His family lost their farm in the Great Depression. His father died when Dad was four. Until after World War II, his family worked the fields with a team of horses, and lived minimally off the land without electricity and indoor plumbing.

My dad went to college through the blessing of Indiana Vocational Rehabilitation, the first person in his family to go. Using his farm knowledge, he furthered his education and became a high-school science and agriculture teacher.

Both of my parents graduated from college, (though I admit suffering through their continual Boilers vs. Hoosiers debates).

I was the penultimate Boomer, born in the baby bumper crop year of 1957, growing up in a small Indiana town that duplicated the set of numerous television sitcoms. With annual vacations, our family "saw the USA in our Chevrolet." My younger brother and I enjoyed what the Greatest Generation never had but provided — freedom from want and worry.

There were no early morning chores in our little yellow prefabricated house — we picked up our toys after the snap, crackle, pop of Rice Krispies and watching Captain Kangaroo on our black and white Dumont television set. We played, my father went to work every day.

Dad had the same job for 37 years. In summer, he helped adult farmers with their financial records. He volunteered as a 4-H leader, church officer and Lions Club Tail-Twister. He carried a "little black book" in which he scribbled in his illegible handwriting all of his commitments, which he then kept. And he still had the time to take us on walks in the woods, where he knew the color and texture of every leaf mentioned in "Fifty Trees of Indiana."

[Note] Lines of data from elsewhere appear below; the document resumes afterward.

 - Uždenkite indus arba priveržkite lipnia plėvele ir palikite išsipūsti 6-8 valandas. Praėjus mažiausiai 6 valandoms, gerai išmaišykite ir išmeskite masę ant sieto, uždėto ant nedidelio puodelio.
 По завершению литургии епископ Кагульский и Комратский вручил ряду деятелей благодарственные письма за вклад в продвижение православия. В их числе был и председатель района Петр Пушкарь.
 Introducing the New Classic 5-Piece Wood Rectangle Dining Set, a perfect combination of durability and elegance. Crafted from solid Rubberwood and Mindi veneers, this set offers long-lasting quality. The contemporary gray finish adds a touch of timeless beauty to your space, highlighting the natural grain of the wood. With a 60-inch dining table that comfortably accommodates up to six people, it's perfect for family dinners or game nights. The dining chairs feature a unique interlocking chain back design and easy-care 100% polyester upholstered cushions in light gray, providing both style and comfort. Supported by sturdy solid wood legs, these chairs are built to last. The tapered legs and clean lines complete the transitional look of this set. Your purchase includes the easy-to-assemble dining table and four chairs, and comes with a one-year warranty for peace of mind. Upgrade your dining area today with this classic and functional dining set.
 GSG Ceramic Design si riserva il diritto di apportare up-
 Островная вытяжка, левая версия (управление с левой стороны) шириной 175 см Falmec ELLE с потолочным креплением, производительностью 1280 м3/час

Sunday mornings were for church. No questions. No arguing. As Dad drove our family to the little country church six miles from our house, he commented on the rural scenery, regardless of season. Winter offered the contrast of bright red barns against snowdrifts. Spring showcased early wildflowers blanketing hillsides with purple, yellow and pink blooms. In summer, he drew encouragement when the rains came, then the planting of corn, then corn stalks rising from the rich, black Indiana soil.

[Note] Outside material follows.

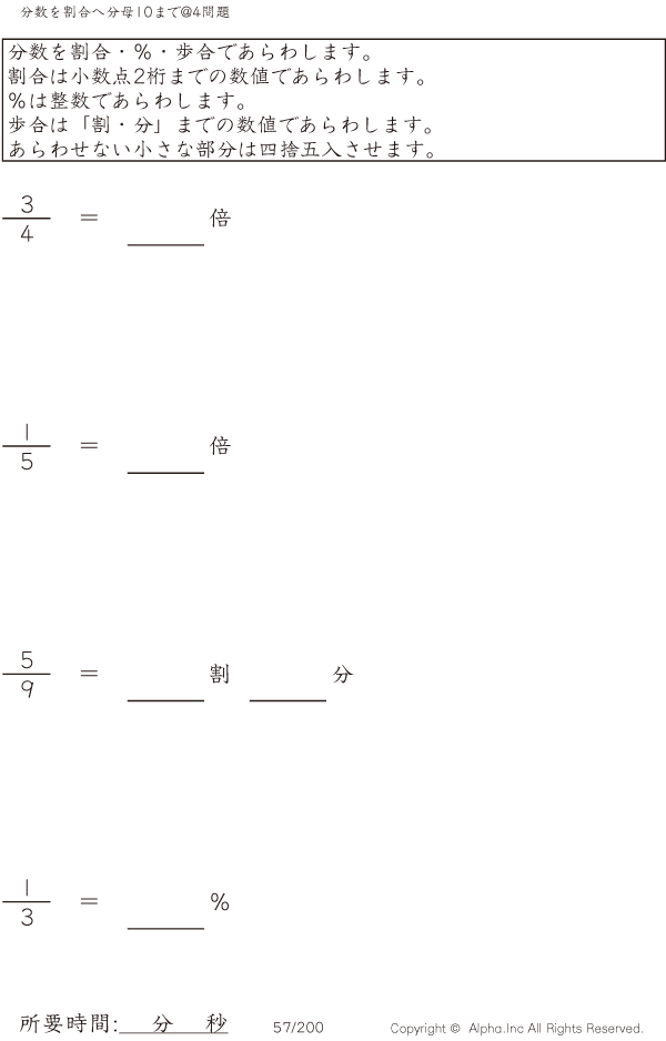 分数を割合へ 分母10まで@4の問題解答ガイド

And autumn, the season of harvest, is his favorite. He often quoted James Whitcomb Riley, "Ain't God good to Indiana?" in celebrating the economic and spiritual victories of harvest. He relished the autumn palette painted across the golden fields against an orange and red stand of oaks and maples.

I never appreciated this side of my father until I was long past the age of playing chicken with my brother in the backseat on the way to Sunday School. That is, until I realized exactly what my father had given me.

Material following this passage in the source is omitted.